When AllGreen started offering maintenance, the clients were 100 percent residential but Monteith’s goal is to eventually have all commercial contracts.

The mix right now is 30 percent residential and 70 commercial, but the cost of gas and time spent traveling to each account really cut into profits on residential routes.

“Unless you can get to a neighborhood where you can pick up 20 or 30 properties, the drive time just kills you,” Monteith says.

AllGreen bills about $30 per man-hour for maintenance crews and when he bids 12-month contracts, he makes sure to give customers a time frame for service since spring and fall work cutting grass and raking leaves takes more time than winter and summer months.

AllGreen splits its eight employees up into two-man crews for commercial jobs and sends one man for residential accounts. On larger jobs, the company will send out more than one truck so that if one crew gets done early, it can move on to the next job.

The big difference, Monteith says, is that residential accounts are more personal than commercial ones.

“When you’re doing a commercial job, they want it to look nice and clean, but they’re not nearly as picky when it comes to weeds in the grass and the bushes being as tight as they want,” he says.

And while commercial clients bring in more money, they’re harder to get. Monteith has found that they often want to come out and inspect his shop and his equipment. That makes it hard for smaller companies to land big jobs since clients might not think they have enough power to get the job done.

“It’s a catch-22,” he says. “You know where you need to be and you know what they want, but a lot of times they’re not going to give you the opportunity to even pick up the work because you have to start off small and grow by adding trucks and employees and equipment before you even have an opportunity to get onto bigger things.”

An AllGreen employee works on laying sod and cutting in the edging from the grass to the pine needle bed.
Photo courtesy of AllGreen Grounds Management
Growing pains.

Growing as a maintenance company is impossible if you don’t start out charging the right price. Monteith recommends studying the market in your area and charging what the big companies do. Otherwise, as you add more trucks, equipment and staff, the margins will get smaller. “The biggest eye-opener is that growth means more expense and sometimes you don’t see that coming until you get into it and you realize, ‘OK, I’ve had two guys and now I have six guys and I don’t know why I’m not making more money,’ and you’re not seeing what’s happening with your insurance bills and all of your other expenses,” he says. And if you start off in maintenance hoping to offer other services like landscaping or irrigation eventually, be sure to study the market to make sure you can afford to hire a licensed professional, Monteith says.

The crews.

Finding good help is always a challenge, and Monteith says he usually ends up letting employees go before they quit.

“I can’t look at somebody and tell if they’re going to be a good employee.
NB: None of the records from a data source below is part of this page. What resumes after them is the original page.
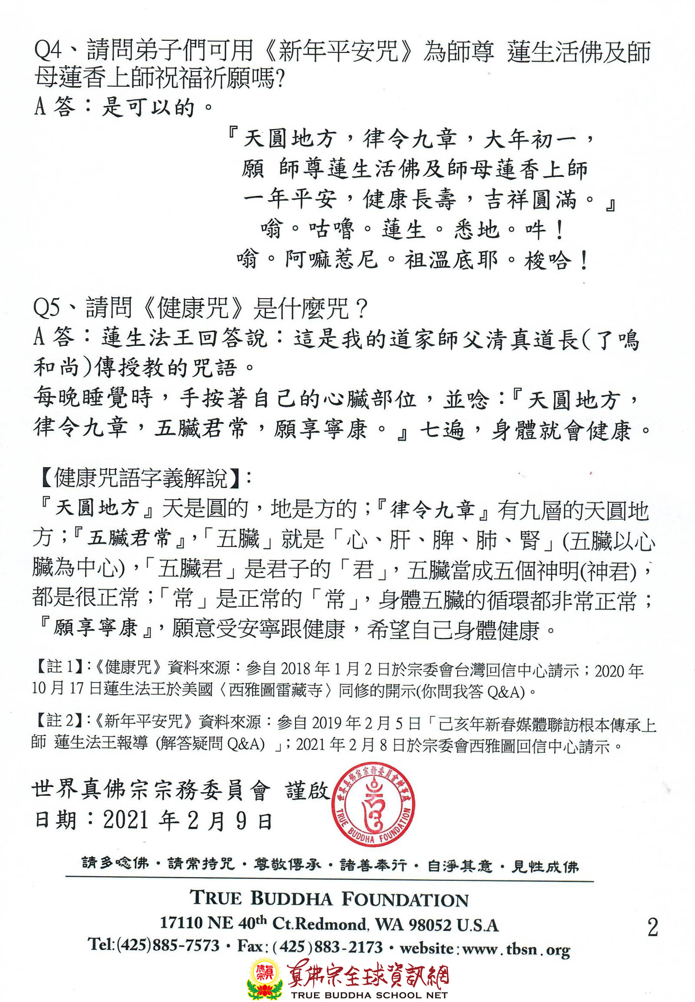 【註2】:《新年平安咒》資料來源:參自2019年2月5日「己亥年新春媒體聯訪根本傳承上師 蓮生法王報導 (解答疑問Q&A) 」;2021年2月8日於宗委會西雅圖回信中心請示。
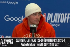 NBA直播网4月27日讯 NBA季后赛首轮G4,凯尔特人客场128-96大胜76人,总比分3-1拿到赛点。赛后普里查德接受了媒体采访,以下为采访全文。
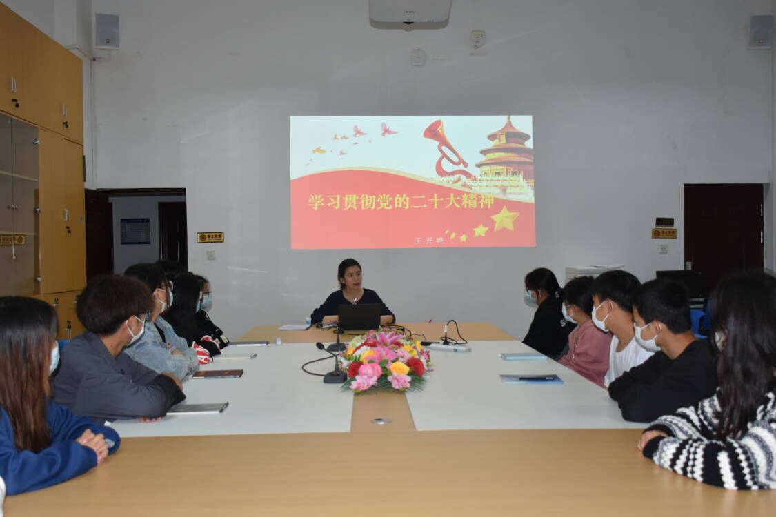课上,王开晔同志从“党的二十大重大意义”“六个坚持”“中国式现代化的本质要求”“五个重大原则”等多个方面,给同学们上了一节生动的专题党课。她强调,作为新时代大学生应继承弘扬伟大建党精神,永远跟党走,练就本领,提升综合素养。

A lot of times you just have to hire them and see if they pick up on what we do,” he says. “I don’t feel like cutting grass is rocket science, but there is a process you have to follow and if they’re not willing to follow the process, they’re not going to last very long.”

He says it usually takes four to six weeks to figure out if a new hire is cut out for lawn maintenance work, and a lot of the job is just sticking to the routine, which can get tough when working long hours or in intense heat.

“Unless you can get to a neighborhood where you can pick up 20 or 30 properties, the drive time just kills you.” Ron Monteith, AllGreen Grounds Management

To make sure every job is up to snuff, AllGreen’s operations manager inspects jobs once they’re completed. Monteith has noticed that if employees don’t know someone is following up on quality, things start to fall through the cracks.

The operations manager will inspect properties and pick up any slack left over. His team also spends a lot of time on the phone with customers to follow up and make sure they’re satisfied with the work.

And it seems to work. Monteith says he loses very few maintenance customers, keeping that weekly cash flow coming in. “You’ve got to inspect what you expect,” he says.